As stated above, the following table is empty as a result of the truncation operation:

MariaDB [db_machine_learning]> select * from tbl_model_type;
Empty set (0.00 sec)
jeff1evesque commented 8 years ago

Since the csv file structure is identical between the classification, and regression model types, there are three cases that remain for this overall issue:

jeff1evesque commented 8 years ago

We are receiving the following warning during a Data New session using an xml svr sample dataset:

/vagrant/brain/database/db_query.py:119: Warning: Data truncated for column 'dep
_variable_label' at row 1
  self.cursor.execute(sql_statement, sql_args)

Therefore, we may need to adjust setup_tables.py.

jeff1evesque commented 8 years ago

2c2b4d0: resolves the truncated warning.

Now, we need to verify the programmatic api json converter, which can be done initially by manually running our unit tests.

jeff1evesque commented 8 years ago

We recursively ensured proper line endings from within the vagrant vm:

vagrant@vagrant-ubuntu-trusty-64:/vagrant$ sudo find /vagrant -type f -exec dos2unix {} \;

However, we are receiving the following traceback, corresponding to each assert svr unit test:

vagrant@vagrant-ubuntu-trusty-64:/vagrant/test$ py.test
============================= test session starts ==============================

platform linux2 -- Python 2.7.6, pytest-2.9.1, py-1.4.31, pluggy-0.3.1
rootdir: /vagrant/test, inifile: pytest.ini
collected 8 items

programmatic_interface/pytest_svm_session.py FF..
programmatic_interface/pytest_svr_session.py FF..
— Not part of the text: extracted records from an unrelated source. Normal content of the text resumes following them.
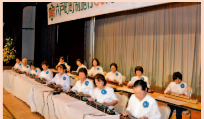
「ろくのへ大正琴の会」による大正琴演奏
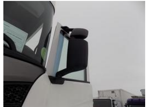
Fot. nr 36
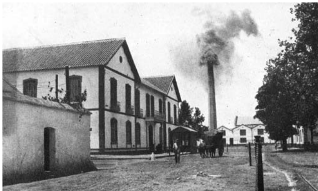
Casa de Larios. Fábrica de Torre del Mar
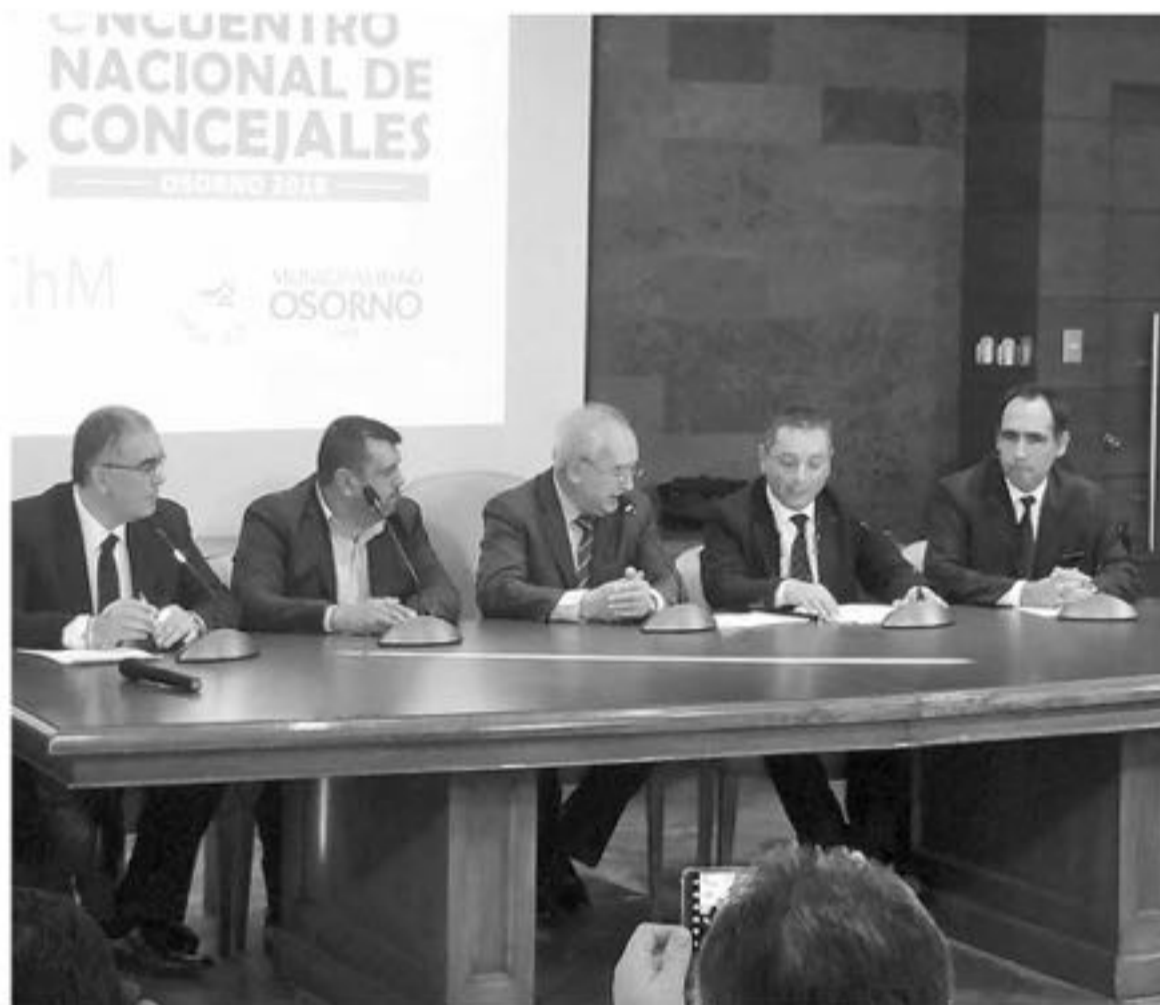
TEMAS EN SALUD, educación pública, transparencia y probidad, entre otros serán abordados en este nuevo encuentro nacional de concejales.

El Encuentro de Concejales será sin duda, la instancia más importante que tendrán las autoridades locales durante este año y se espera que en el debate surjan temas como "concejales on tour"; pago de impuestos por la dieta; permisos de pre y post natal de las concejalas y el desarrollo de una agenda que permita visibilizar el trabajo de fiscalización que realizan en las municipalidades.
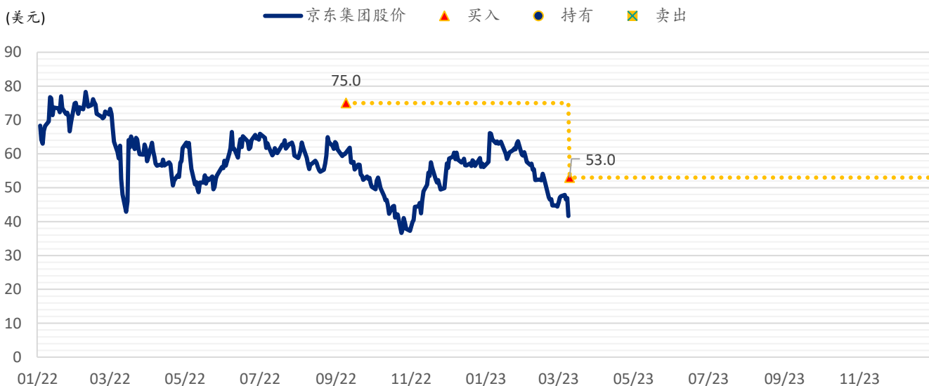
图表 3：浦银国际目标价：京东（JD.US）

注：截至 2023 年 3 月 9 日收盘
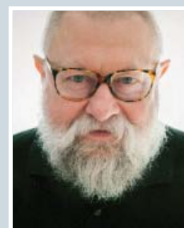
Prof. dr hab. Jerzy Bralczyk Przewodniczący Rady Programowej Europejskiego Forum Prawa i Edukacji

Miejsce: Warszawa, Pałac Staszica, ul. Nowy Świat 72.
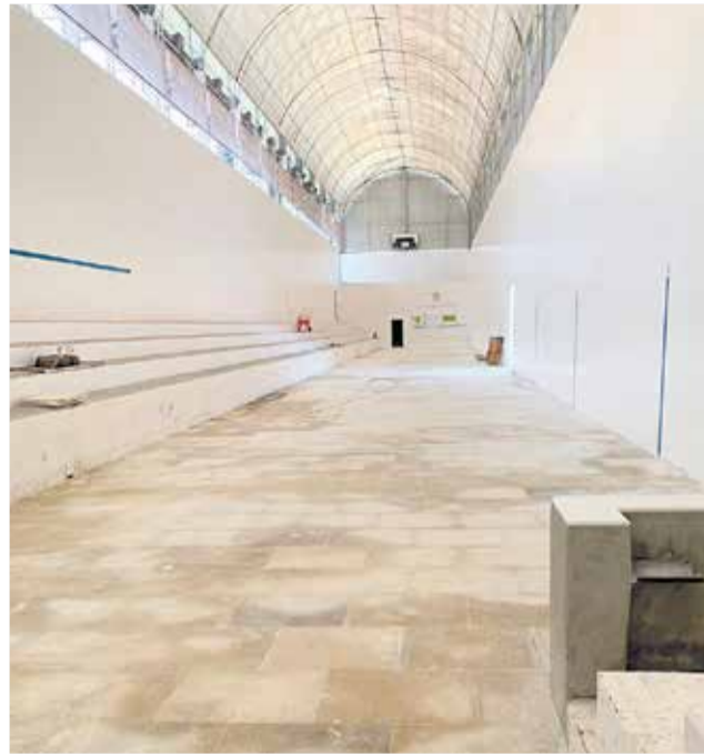
El trinquet municipal recién reformado.
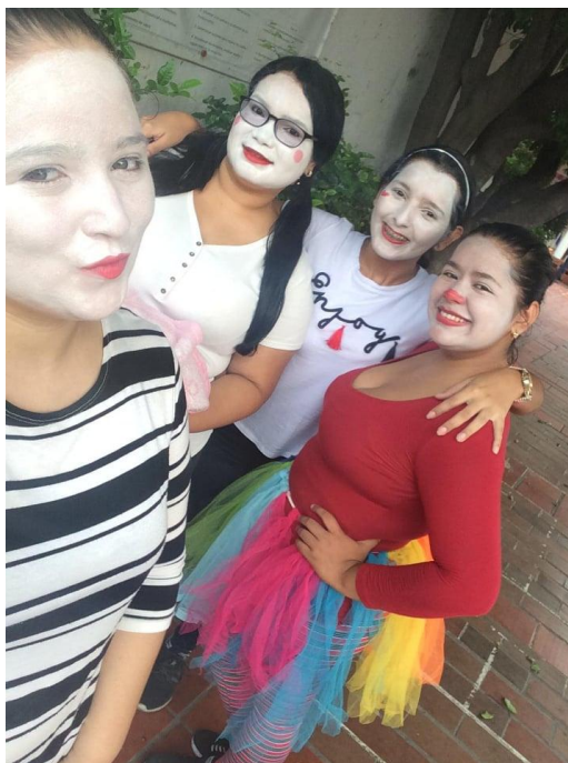
Figura 10. Celebración día del niño

Celebración día del niño: se ejecutó en una jornada continua donde se realizaron diferentes actividades programadas para ellos tales como: la decoración del colegio, acto de mimos a cargo de las docentes de la universidad de Pamplona, payasos y muestra escenográfica a cargo del ejército nacional y seguidamente se les entregó en cada salón de clase un compartir.
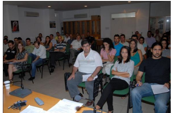
Στιγμιότυπα από την ενδοϋπηρεσιακή συγκέντρωση
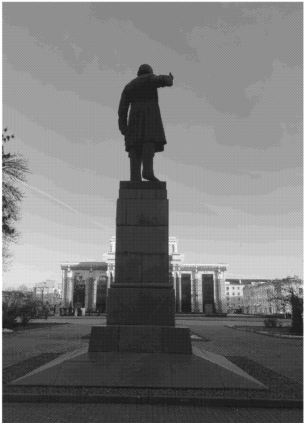
Вид на объект культурного наследия с западной стороны (08.12.2022 г.)
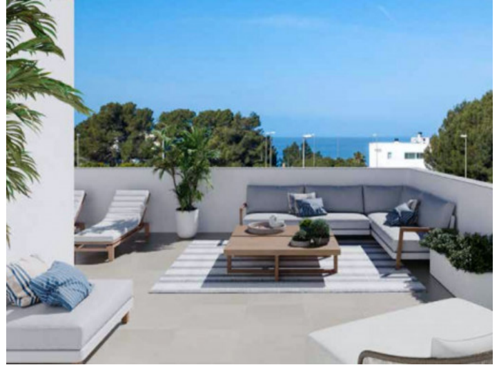
Dachterrasse mit Meerblick
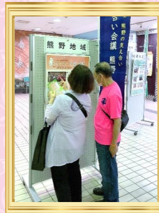
～支え合い会議メンバーとともに、 区民の皆様へPR～
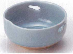
065-16-6C3 450円 1963057026 ヒスイ貫入瓢抜小鉢 (11.5φ×6H)
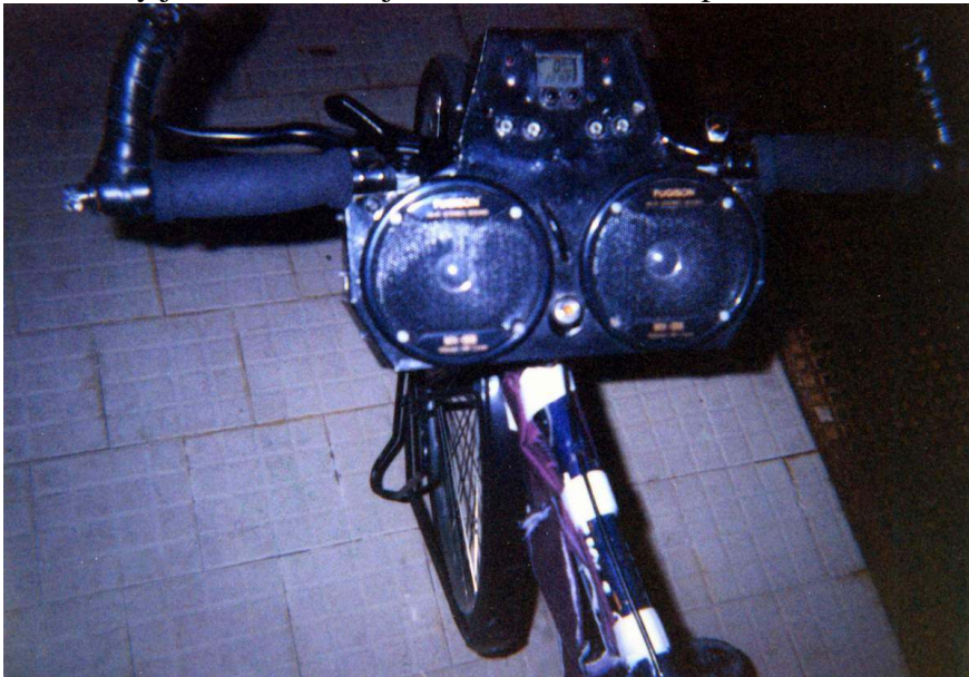
Nová paluba vzor 95.
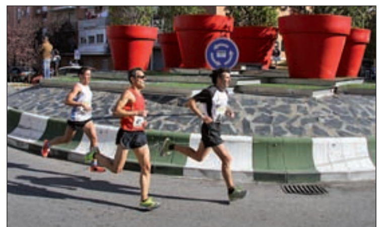
Un momento de la competición

El C.D.E. Pool Xetaffe Baloncesto recuerda que aún hay plazas en algunos equipos. La oferta es la siguiente: para la Escuela Municipal, en sus equipos mixtos de Alevín/Benjamín (martes y jueves, de 17:00 a 18:00, en el Pabellón Juan de la Cierva). Para la Escuela Municipal, en sus equi-
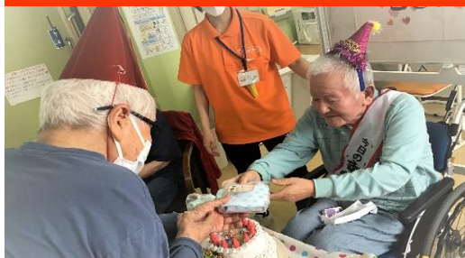
利用者様のお誕生日には、誕生日会を開催します。皆さんでお祝！！
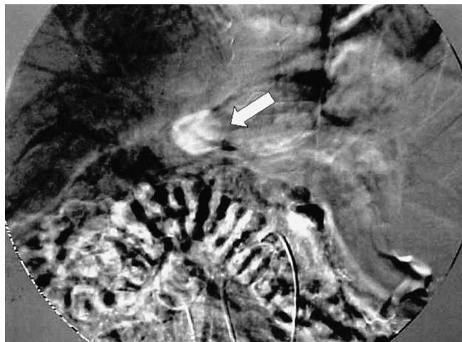
Figura 1. Angiografía que muestra en fase venosa una importante concentración de medio de contraste en la región del hilio hepático (flecha), condicionada por la presencia de várices pericoledocianas.

Masculino de 28 años de edad con antecedente de transfusiones a los 18 meses (desconoce indicación) y 17 años por hemorragia de tubo digestivo alto. A los 24 años acude a valoración al Instituto por presentar evacuaciones melénicas en múltiples ocasiones. Una endoscopia mostró várices esofágicas grados III-IV con datos de mal pronóstico y gastropatía congestiva, la angiografía detectó trombosis de la vena porta y degeneración cavernomatosa ( Figura 1 ); en los siguientes cuatro meses se le realizaron los tiempos abdominal y torácico de la operación de Sugiura. Un año después, una endoscopia mostró várices esofágicas grado I; además, se confirmó síndrome antifosfolípido e inició tratamiento con acenocumarina. A los 26 años presentó ictericia obstructiva, la colangiorresonancia y colangiografía retrógrada mostraron una estenosis a nivel del colédoco intrapancreático y datos importantes de gastropatía congestiva. Se realizó esfinterotomía y colocación de endoprótesis, en los siguientes meses se llevó a cabo colecistectomía por agudización de colecistitis crónica litiásica y en las colangiografías de control se mostró una fístula a cavidad abdominal a nivel del conducto cístico, que se manejó satisfactoriamente con la endoprótesis y la fístula desapareció en los estudios de control. A tres años de seguimiento el paciente se ha presentado en múltiples
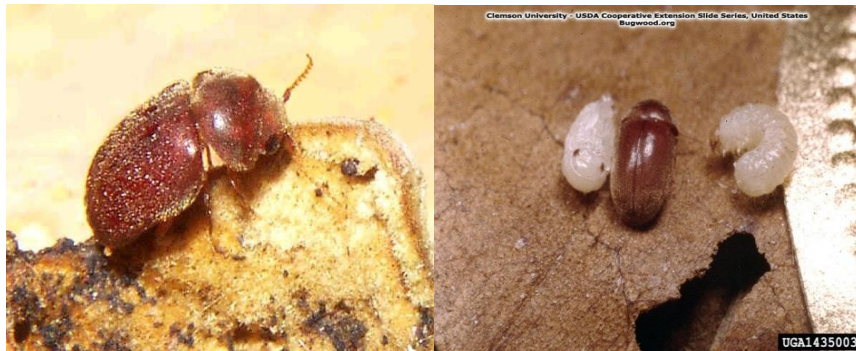
Lasioderma serricorne Fabricius
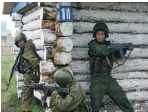
Бойцы группы антитеррора проводят учения по поиску и задержанию террористов.

Это позволяло террористам чувствовать себя безнаказанно и поощряло их к новым террористическим атакам. У современных спецслужб есть возможности не дать террористам уйти, и одновременно обеспечить максимально возможную безопасность заложникам. Большинство терактов последних лет с захватом заложников закончились уничтожением или арестом террористов.
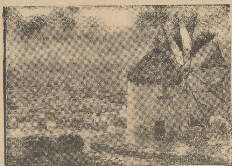
Ilustracja przedstawia piękny widoczek z wyspy Mykonos (Cyklady wschodnie), ze staroświeckim wiatrakiem.
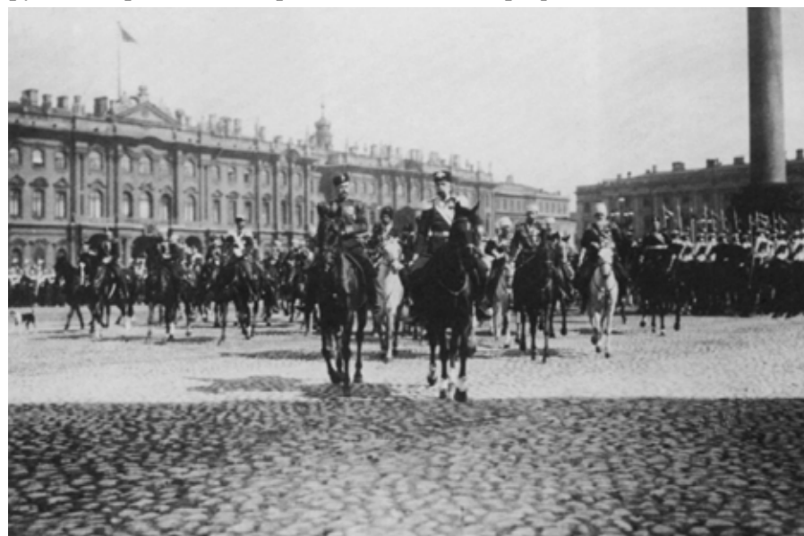
Император Николай Второй с императором Францем-Иосифом на Дворцовой площади в 1897 году.

Автократическую систему Рос-сии эрцгерцог считал достойной подражания. Такой государственный организм как Австрия, наподобие мозаики, сотканной из целого ряда народностей, должен был по его мнению управляться крепкой рукой. По теории эрцгерцога, Австрии нужно было искать сближения с государствами, соблюдающими монархический строй, а не с режимами, испо-ведующими противоположную форму правления. С другой стороны
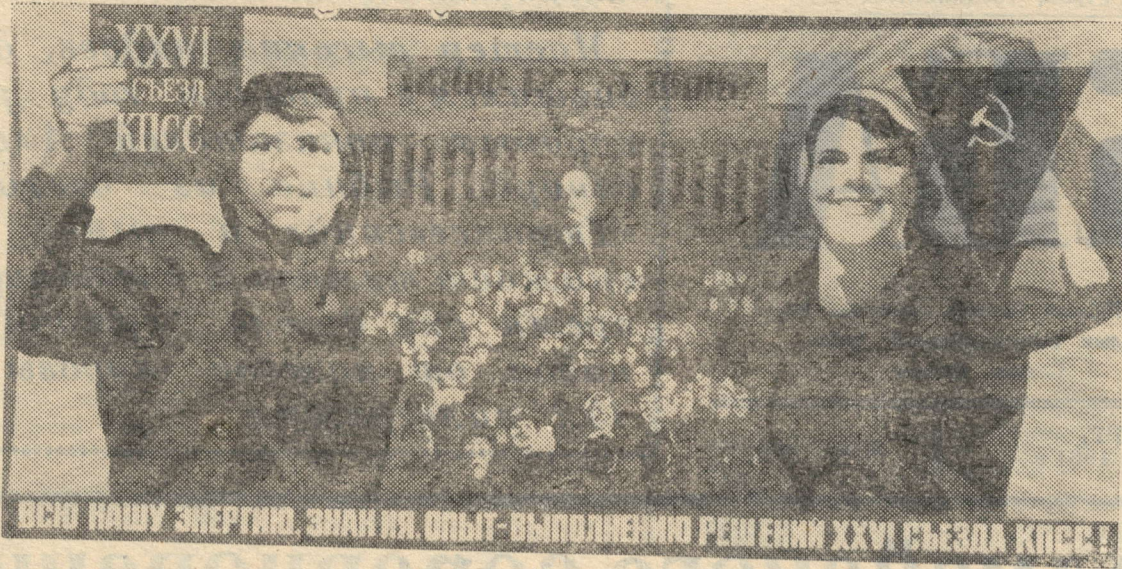
Плакат художника В. Кононова. Издательство «Плакат».
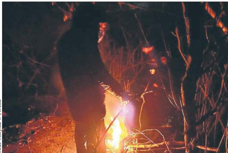
Straż Miejska w Płocku

Jak podaje, mężczyzna zarówno podczas porannej, jak i wieczornej interwencji był trzeźwy. Odmówił jakiegokolwiek pomocy.

=================================== FAILURES ===================================

________________________________ check_data_new ________________________________

    def check_data_new():
        """@check_data_new

        This method tests the 'data_new' session.

        """

>       assert requests.post(
            endpoint_url,
            headers=headers,
            data=get_sample_json('svm-data-new.json', 'svm')
        )
E       assert <Response [500]>
E        +  where <Response [500]> = <function post at 0x7feb7e57dde8>('http://l
ocalhost:5000/load-data/', headers={'Content-Type': 'application/json'}, data='{
"properties": {"session_name": "sample_title", "dataset_type": "json_string", "s
ession_type": "data_new"}, "dataset"...": 427, "indep-variable-5": 75.45, "indep
-variable-2": 101.21, "indep-variable-3": 0.832, "indep-variable-1": 22.67}}}')
E        +    where <function post at 0x7feb7e57dde8> = requests.post
E        +    and   '{"properties": {"session_name": "sample_title", "dataset_ty
pe": "json_string", "session_type": "data_new"}, "dataset"...": 427, "indep-vari
able-5": 75.45, "indep-variable-2": 101.21, "indep-variable-3": 0.832, "indep-va
riable-1": 22.67}}}' = get_sample_json('svm-data-new.json', 'svm')

programmatic_interface/pytest_svm_session.py:69: AssertionError
______________________________ check_data_append _______________________________

    def check_data_append():
        """@check_data_append

        This method tests the 'data_append' session.

        """

>       assert requests.post(
            endpoint_url,
            headers=headers,
            data=get_sample_json('svm-data-append.json', 'svm')
        )
E       assert <Response [500]>
E        +  where <Response [500]> = <function post at 0x7feb7e57dde8>('http://l
ocalhost:5000/load-data/', headers={'Content-Type': 'application/json'}, data='{
"properties": {"session_name": "sample_title", "dataset_type": "json_string", "s
ession_id": "1", "session_type": "da...": 235, "indep-variable-5": 64.45, "indep
-variable-2": 92.22, "indep-variable-3": 0.356, "indep-variable-1": 24.32}]}}')
E        +    where <function post at 0x7feb7e57dde8> = requests.post
E        +    and   '{"properties": {"session_name": "sample_title", "dataset_ty
pe": "json_string", "session_id": "1", "session_type": "da...": 235, "indep-vari
able-5": 64.45, "indep-variable-2": 92.22, "indep-variable-3": 0.356, "indep-var
iable-1": 24.32}]}}' = get_sample_json('svm-data-append.json', 'svm')

programmatic_interface/pytest_svm_session.py:83: AssertionError
________________________________ check_data_new ________________________________

    def check_data_new():
        """@check_data_new

        This method tests the 'data_new' session.

        """

>       assert requests.post(
            endpoint_url,
            headers=headers,
            data=get_sample_json('svr-data-new.json', 'svr')
        )
E       assert <Response [500]>
E        +  where <Response [500]> = <function post at 0x7feb7e57dde8>('http://l
ocalhost:5000/load-data/', headers={'Content-Type': 'application/json'}, data='{
"properties": {"session_name": "sample_title", "dataset_type": "json_string", "s
ession_type": "data_new"}, "dataset"...": 101.21, "predictor-3": 0.832, "predict
or-4": 427, "predictor-5": 75.45, "predictor-6": 0.002, "predictor-7": 26}}]}')
E        +    where <function post at 0x7feb7e57dde8> = requests.post
E        +    and   '{"properties": {"session_name": "sample_title", "dataset_ty
pe": "json_string", "session_type": "data_new"}, "dataset"...": 101.21, "predict
or-3": 0.832, "predictor-4": 427, "predictor-5": 75.45, "predictor-6": 0.002, "p
redictor-7": 26}}]}' = get_sample_json('svr-data-new.json', 'svr')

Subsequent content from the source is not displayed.